For our part, we have worked in partnership with other multilateral development banks (MDBs) to develop joint MDB Paris Alignment approach, which will be disclosed soon. We have brought those principles home and additionally developed methodologies for each type of instrument we offer. We have also prepared Sector Notes to guide teams on how to conduct assessments in every sector we work. We have been rolling out thousands of hours of training for our staff around the world. This is what it takes to make climate part of our DNA in everything we do.
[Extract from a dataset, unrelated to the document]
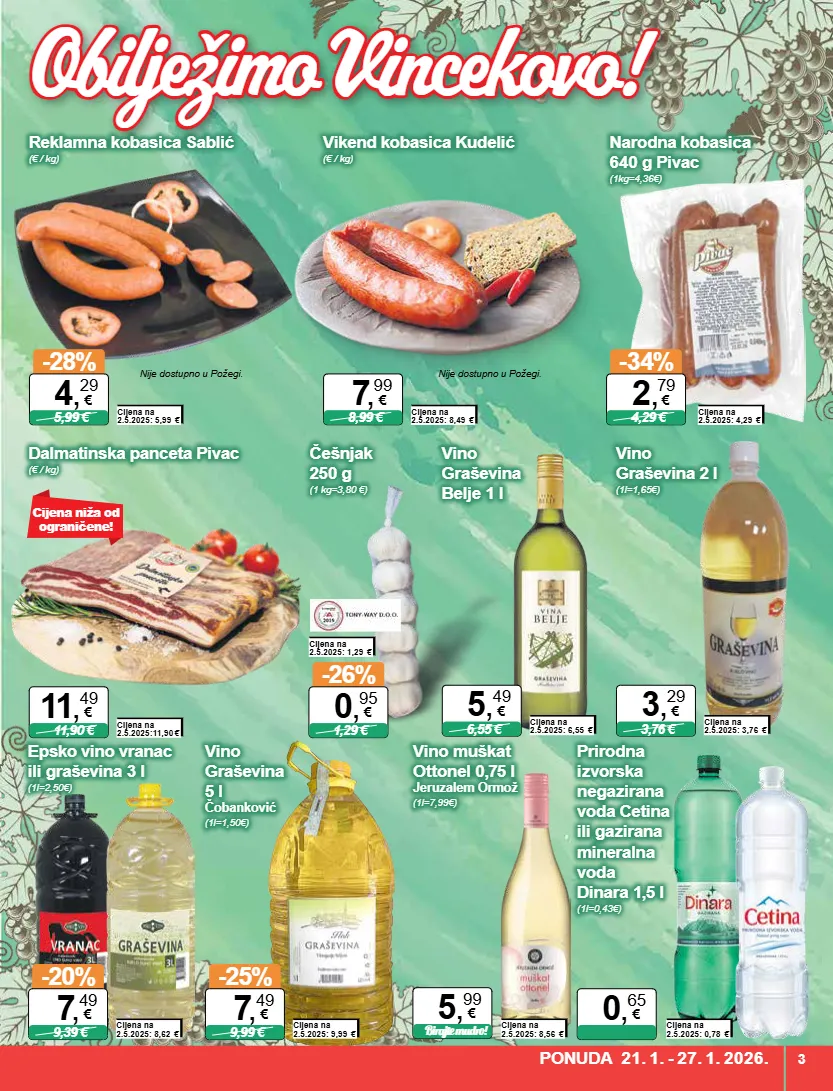 nije dostupno u požegi. nije dostupno u požegi. cijena na 2.5.2025: 8,56 € cijena na 2.5.2025: 0,78 € cijena na 2.5.2025: 6,55 € cijena na 2.5.2025: 3,76 € cijena na 2.5.2025: 8,62 € cijena na 2.5.2025: 9,99 € cijena na 2.5.2025:11,90 € cijena na 2.5.2025: 4,29 € cijena na 2.5.2025: 8,49 € cijena na 2.5.2025: 5,99 € cijena na 2.5.2025: 1,29 € birajte mudro! 5 , 99 € vino muškat ottonel 0,75 l jeruzalem ormož (1l=7,99€) prirodna izvorska negazirana voda cetina ili gazirana mineralna voda dinara 1,5 l (1l=0,43€) 0 , 65 € vino graševina belje 1 l 6,55 € 5 , 49 € vino graševina 2 l (1l=1,65€) 3,76 € 3 , 29 € epsko vino vranac ili graševina 3 l (1l=2,50€) -20% 9,39 € 7 , 49 € vino graševina 5 l čobanković (1l=1,50€) -25% 9,99 € 7 , 49 € cijena niža od ograničene! dalmatinska panceta pivac (€ / kg) 11,90 € 11 , 49 € narodna kobasica 640 g pivac (1kg=4,36€) -34% 4,29 € 2 , 79 € vikend kobasica kudelić (€ / kg) 8,99 € 7 , 99 € reklamna kobasica sablić (€ / kg) -28% 5,99 € 4 , 29 € češnjak 250 g (1 kg=3,80 €) -26% 1,29 € 0 , 95 € ponuda 21. 1. - 27. 1. 2026. 3 obilježimo vincekovo! obilježimo vincekovo!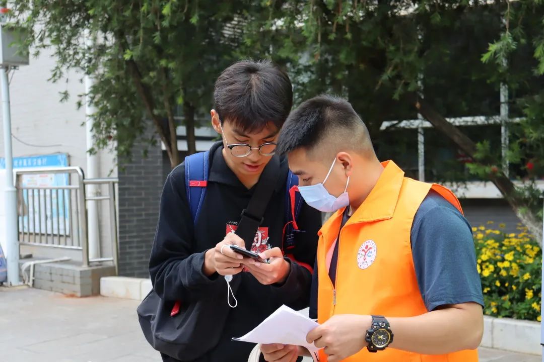 一大早,志愿者们就已在校门口等待,保安叔叔和消毒阿姨也都准备就绪,看着大门缓缓打开,学弟学妹们接踵而至。

Today, we have disclosed our Instrument Methods and will soon disclose our Sector Notes. Going forward, we will carefully document our experience and continue sharing what we have learned. Our website will also provide a mechanism to receive feedback. In time, we will update our systems and processes and feed lessons back to the MDB group.
To sum up, Paris Alignment has to be lived and as such, we need to see this in a dynamic way of learning, adjusting, and improving our work on climate and development. This mindset is going to guide us in our operations, in our partnerships, and ultimately our ambition to end poverty and green the world. The climate is changing, and so are we.